We use nx.from_pandas_edgelist() to convert the DataFrame into a graph, which requires specifying the keys that were used for the source and target.

The final rendering though, at least for this data, is unchanged:

Now we can push this further to add more attributes to the edge data:

def random_color_channel() -> float:
    if not hasattr(random_color_channel, 'rand'):
        random_color_channel.rand = random.Random(42)
    return random_color_channel.rand.uniform(0.5, 1)
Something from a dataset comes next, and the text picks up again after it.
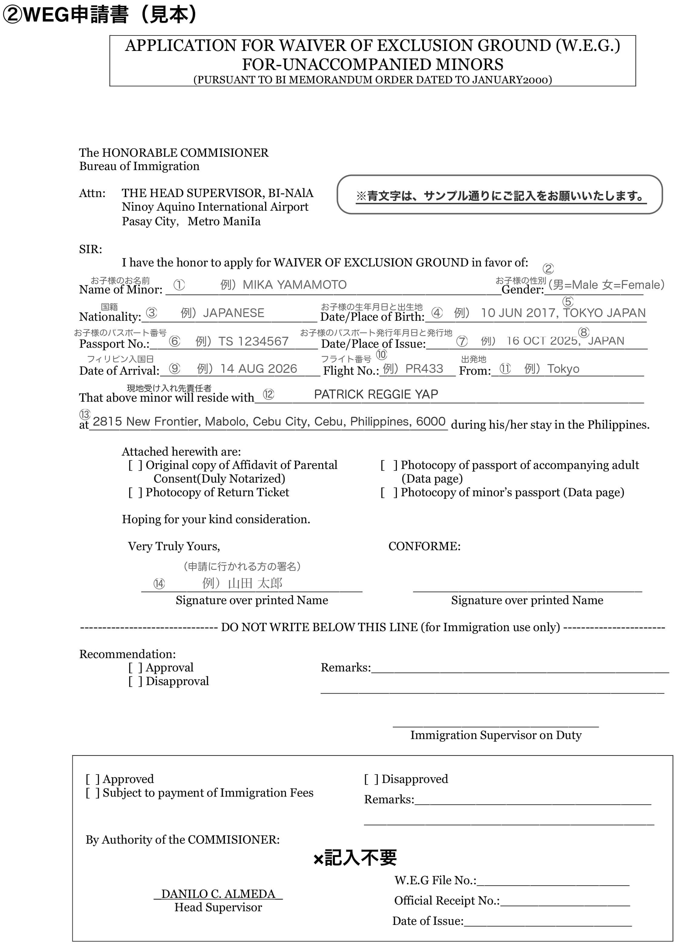 フィリピンでは、フィリピン国籍以外の15歳未満のお子様が戸籍上で両親となる保護者どちらかの同伴なしで入国することを、フィリピン入国法にて禁止されています。WEG(Waiver of Exclusion Ground)を渡航前にフィリピン大使館にて認証手続きもしくは、公証人役場にて公証をもらうことで、入国除外規定の免除申請となり、保護者の同伴なしの単独もしくは、代理のガーディアンを立てて渡航が許可されます。 WEGの認証手続きは渡航前に終える必要があり、原則的には、ご自身で申請を行って頂きます。また、入国時にもWEG対象者は入国審査前に認証済みのWEG申請書の提出、WEG申請料のお支払いの手続が必要になります。

def random_rgb_color() -> tuple[float, float, float]:
    return random_color_channel(),
           random_color_channel(),
           random_color_channel()

edge_rows = [
    dict(src='a', dest='b', weight=1, color=random_rgb_color()),
    dict(src='a', dest='c', weight=3, color=random_rgb_color()),
    dict(src='b', dest='d', weight=2, color=random_rgb_color()),
    dict(src='c', dest='c', weight=1, color=random_rgb_color()),
    dict(src='c', dest='e', weight=2, color=random_rgb_color()),
    dict(src='e', dest='b', weight=1, color=random_rgb_color()),
]
edge_list_df: pd.DataFrame = pd.DataFrame(edge_rows)
graph = nx.from_pandas_edgelist(edge_list_df,
                                source='src',
                                target='dest',
                                edge_attr=['weight', 'color'],
                                create_using=nx.DiGraph)
edge_weights = nx.get_edge_attributes(graph, 'weight')
edge_colors = nx.get_edge_attributes(graph, 'color').values()
node_positions: NodeLayout  = nx.circular_layout(graph)
nx.draw(graph, pos=node_positions, **draw_params(edge_color=edge_colors))
nx.draw_networkx_edge_labels(graph, pos=node_positions,
                             **edge_label_params(edge_labels=edge_weights))
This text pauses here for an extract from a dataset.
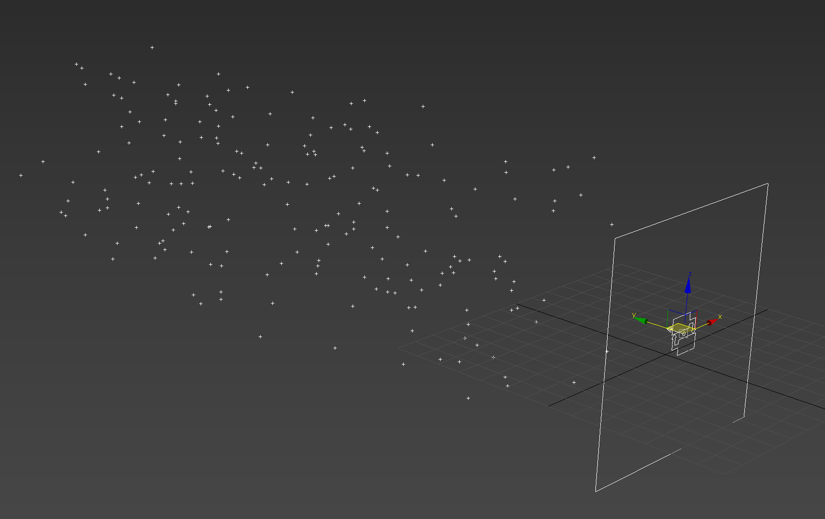 19)뷰포트에서 파티클이 ticks 유형으로 표시되는것을 확인할수있습니다.

Now we’re adding some complexity:

Edges have two attributes: weight and color.
The color is an RGB triple where each channel is a float in the range [0, 1].
When using nx.from_pandas_edgelist() to produce a graph we have to tell it about the per-edge attributes: edge_attr=['weight', 'color']
NetworkX doesn’t do much with complex edges so we have to extract the data as edge_weights and edge_colors to use later as parameters.
The nx.draw() function has limited smarts on some forms of rendering, so we include use of nx.draw_networkx_edge_labels() to render the weights as values on each edge.
The way nx.draw() and nx.draw_networkx_edge_labels() share an understanding of node locations is via the node_positions layout object. In the previous examples it was only used once per rendering so its role was less apparent, but here we see it used to layer on rendering details. The object provides node coordinates in the rendering. I added a Python type alias to cover the kinds of data passed back by various layout algorithms:

NodeLayout: typing.TypeAlias = dict[typing.Hashable, list[float]]
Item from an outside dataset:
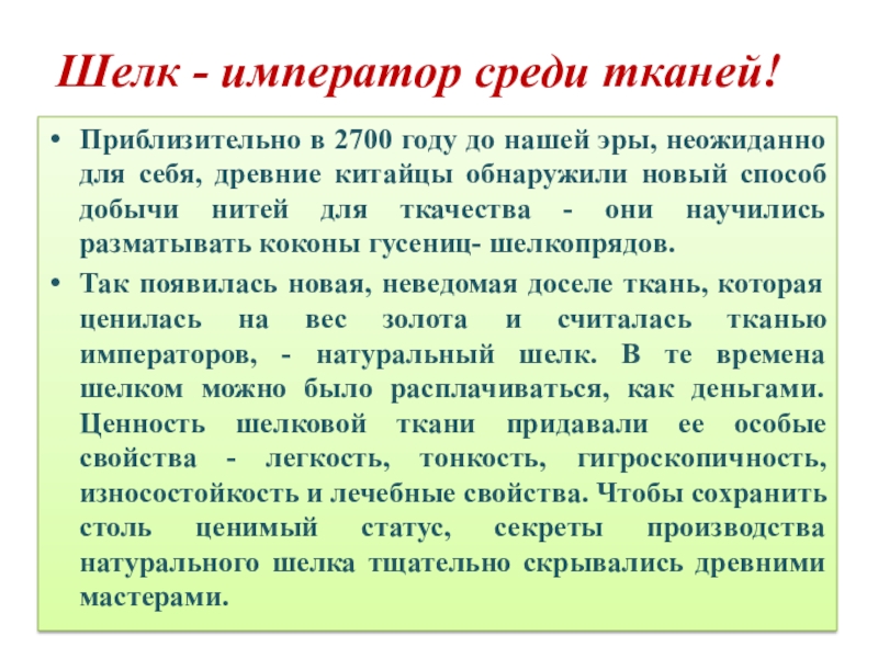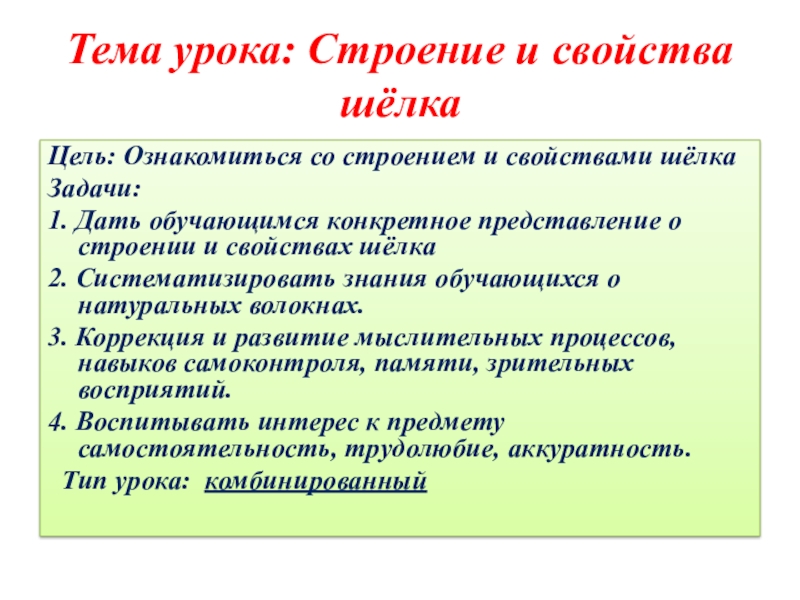 шёлка2. Систематизировать знания обучающихся о натуральных волокнах.

Now we get a much richer rendering with per-edge weight labels and per-edge colors:

In future articles I expect to need to use various analytic techniques on graphs. Even without that, NetworkX can help with rendering images that support an explanation for how data is being transformed or analyzed.

References

Edits

2025-08-22: Added terminology for inedges and outedges.